▶ _Exercise directions_
Print out all of the records exactly; no picture belongs in the result.

(Records from a data collection)

'''

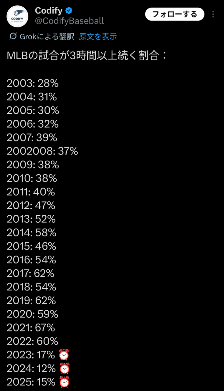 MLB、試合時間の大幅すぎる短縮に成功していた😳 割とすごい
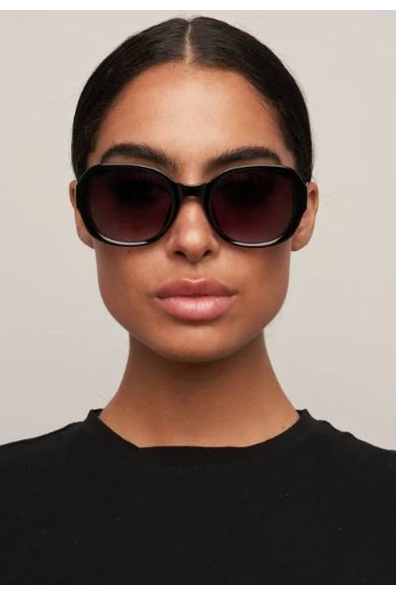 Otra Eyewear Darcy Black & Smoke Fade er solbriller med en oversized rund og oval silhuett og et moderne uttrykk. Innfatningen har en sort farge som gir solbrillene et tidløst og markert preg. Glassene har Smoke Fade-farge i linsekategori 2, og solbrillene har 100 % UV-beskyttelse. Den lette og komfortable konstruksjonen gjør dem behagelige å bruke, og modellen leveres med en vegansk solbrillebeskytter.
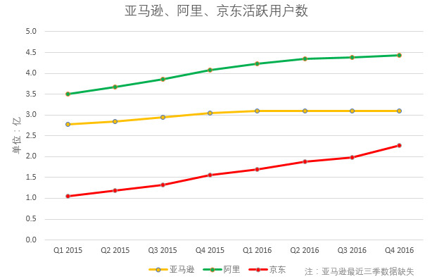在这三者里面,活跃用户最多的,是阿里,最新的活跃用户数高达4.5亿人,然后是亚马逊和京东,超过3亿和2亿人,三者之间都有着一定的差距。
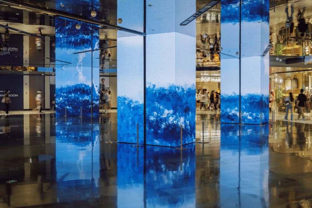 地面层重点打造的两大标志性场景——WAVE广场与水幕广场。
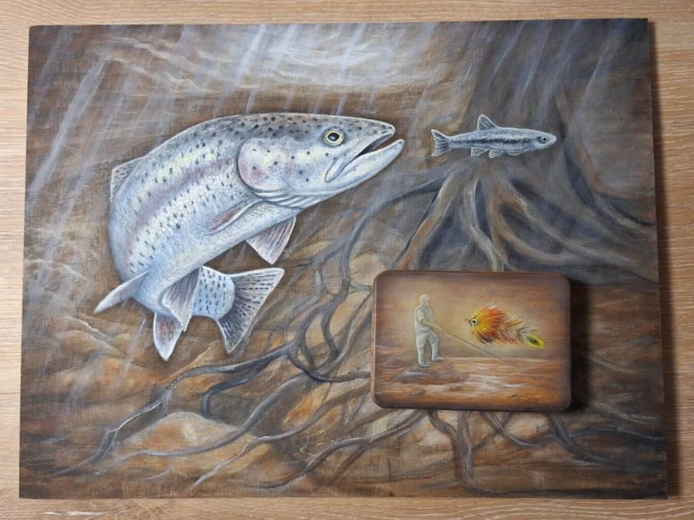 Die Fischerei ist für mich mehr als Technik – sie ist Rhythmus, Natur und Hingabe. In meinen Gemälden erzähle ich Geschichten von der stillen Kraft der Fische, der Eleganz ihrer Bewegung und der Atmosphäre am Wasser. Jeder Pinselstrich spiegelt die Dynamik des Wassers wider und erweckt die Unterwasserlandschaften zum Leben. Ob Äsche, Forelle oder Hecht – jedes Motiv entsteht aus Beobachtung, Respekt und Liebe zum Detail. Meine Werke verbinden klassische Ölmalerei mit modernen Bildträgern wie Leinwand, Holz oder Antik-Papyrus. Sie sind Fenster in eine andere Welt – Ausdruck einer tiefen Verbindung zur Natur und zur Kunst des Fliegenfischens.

'''

▶ _Exercise response_
 MLB、試合時間の大幅すぎる短縮に成功していた😳 割とすごい
 Otra Eyewear Darcy Black & Smoke Fade er solbriller med en oversized rund og oval silhuett og et moderne uttrykk. Innfatningen har en sort farge som gir solbrillene et tidløst og markert preg. Glassene har Smoke Fade-farge i linsekategori 2, og solbrillene har 100 % UV-beskyttelse. Den lette og komfortable konstruksjonen gjør dem behagelige å bruke, og modellen leveres med en vegansk solbrillebeskytter.
在这三者里面,活跃用户最多的,是阿里,最新的活跃用户数高达4.5亿人,然后是亚马逊和京东,超过3亿和2亿人,三者之间都有着一定的差距。
 地面层重点打造的两大标志性场景——WAVE广场与水幕广场。
 Die Fischerei ist für mich mehr als Technik – sie ist Rhythmus, Natur und Hingabe. In meinen Gemälden erzähle ich Geschichten von der stillen Kraft der Fische, der Eleganz ihrer Bewegung und der Atmosphäre am Wasser. Jeder Pinselstrich spiegelt die Dynamik des Wassers wider und erweckt die Unterwasserlandschaften zum Leben. Ob Äsche, Forelle oder Hecht – jedes Motiv entsteht aus Beobachtung, Respekt und Liebe zum Detail. Meine Werke verbinden klassische Ölmalerei mit modernen Bildträgern wie Leinwand, Holz oder Antik-Papyrus. Sie sind Fenster in eine andere Welt – Ausdruck einer tiefen Verbindung zur Natur und zur Kunst des Fliegenfischens.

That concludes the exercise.